I also love Itzhak Perlman, and was pretty excited that he performed alongside Yo-Yo Ma and others.
My sister-in-law Jenn posted thoughts on this inauguration that echo my own so well that I'll just encourage you to read her words here.
"For true equality comes when the color of one's skin is not even a factor--good or bad. [Martin Luther King, Jr.] dreamed of a day when people would be judged not by the color of their skin but the content of their character, and, though the balance has shifted in the other direction, I don't believe we're there yet."
Finally, I can't help mentioning it - and there's no way of putting this nicely - Obama et al. screwed up majorly at the swearing in process.

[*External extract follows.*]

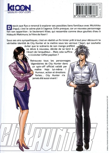 Depuis que Ryo a renoncé à explorer ses possibles liens familiaux avec Michihiko Jinguji, c'est le calme plat à l'agence. Enfin presque, car un nouveau personnage fait son apparition : le lieutenant Kitao, qui ressemble comme deux gouttes d'eau à Hideyuki Makimura, le frère de Kaori ! Sous ses airs sympathiques, c'est en réalité un fin limier prêt à tout pour découvrir la véritable identité de City Hunter et le mettre sous les verrous ! Saori, qui souhaite éviter que le scénario de son manga préféré ne dévie à nouveau, décide de se tenir à l'écart de l'enquêteur... Mais cela suffira-t-il à éviter l'effet papillon ? Retrouvez tous les personnages légendaires de City Hunter dans un spin-off officiel validé par maître Hojo lui-même ! Humour, action et émotions fortes... City Hunter n'a jamais été aussi vivant !
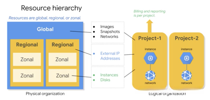 Resource:涵盖计算、网络、存储、App Engine、GKE等类型,每个资源仅限于一个Project。根据作用范围,分为Global、Regional、Zonal三种类型,如图所示:

Really, how do you mess that up that badly?
I am not happy about our new President, but I am happy when I call this to mind:
Oh, say, can you see, by the dawn's early light,
What so proudly we hail'd at the twilight's last gleaming?
Whose broad stripes and bright stars, thro' the perilous fight,
O'er the ramparts we watch'd, were so gallantly streaming?
And the rockets' red glare, the bombs bursting in air,
Gave proof thro' the night that our flag was still there.
O say, does that star-spangled banner yet wave
O'er the land of the free and the home of the brave?
...
O, thus be it ever when free men shall stand,
Between their lov'd homes and the war's desolation;
Blest with vict'ry and peace, may the heav'n-rescued land
Praise the Pow'r that hath made and preserv'd us a nation!
Then conquer we must, when our cause is just,
And this be our motto: "In God is our trust"
And the star-spangled banner in triumph shall wave
O'er the land of the free and the home of the brave!
Isn't it increcible that we get to live in a country where there is a peaceful transition of power? I may not be pleased with who the new president is, but I am certainly grateful that the transition didn't occur at the end of a gun barrel.